In fact, I haven't heard anyone in the administration talk about using
RFID to improve food safety. In President Barack Obama's weekly radio address of Mar. 14, for instance, he did not mention either RFID or serialization upon announcing the appointments of Dr. Margaret Hamburg as FDA commissioner and Dr. Joshua Sharfstein as principal deputy commissioner, and the creation of the
President's Food Safety Working Group.
But the RFID industry has not done a good job of promoting the benefits of RFID technology in enhancing food safety and facilitating recalls (see
The RFID Industry Misses the Boat on Food Safety). The reality is that no matter how much governments expand inspections, tighten regulations and promote safer business practices in an attempt to stop outbreaks of food-borne illnesses, they will continue to occur. And with the food chain becoming increasingly global, having a standards-based system to capture data cost-effectively and share that information in near-real time is going to be essential.
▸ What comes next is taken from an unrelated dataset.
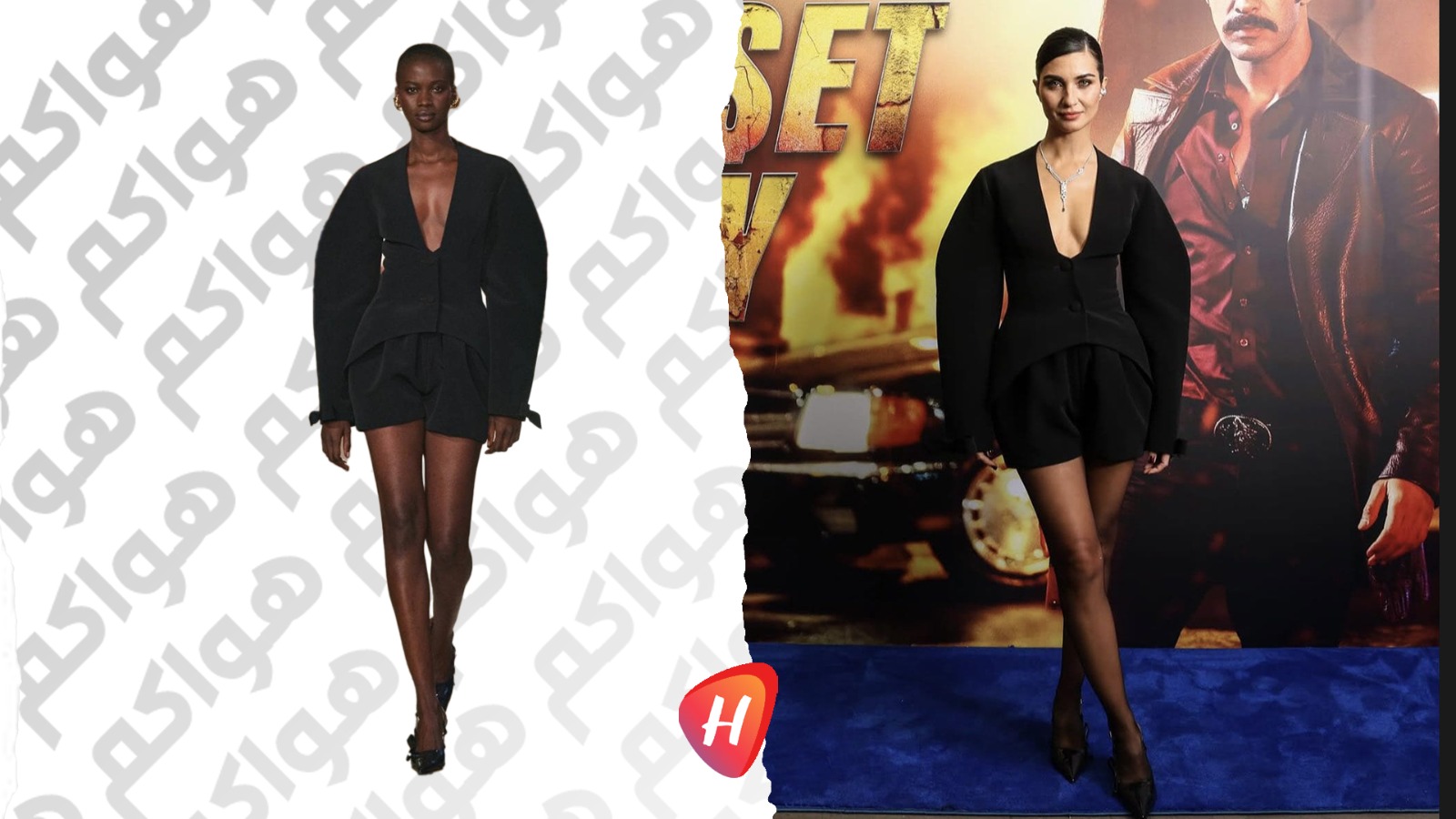 الفستان القصير جاء بقصّة مبتكرة تحاكي فن العمارة في الأزياء، حيث اتّخذ الجزء العلوي شكل جاكيت بأكتاف بارزة وأكمام ممتدّة، ما منح الإطلالة حضوراً درامياً يليق بخطّ السجادة الزرقاء للفيلم. أما الشورت القصير المضمّن في التصميم، فمزج بين العملية والأناقة، مؤكداً أسلوب توبا العصري الذي لا يخشى التناقضات.

Bar codes will continue to be an important part of any traceability solution, but RFID is essential because data can be captured without a great deal of human labor. Tracking individual lots of food items at every point of the supply chain would require an army of people equipped with bar-code scanners. RFID, on the other hand, can capture serialized data without any human intervention. In the wet, muddy conditions of a farm, RFID is simply more effective than bar codes. And low-cost sensors are emerging to detect when food is exposed to higher-than-acceptable temperatures.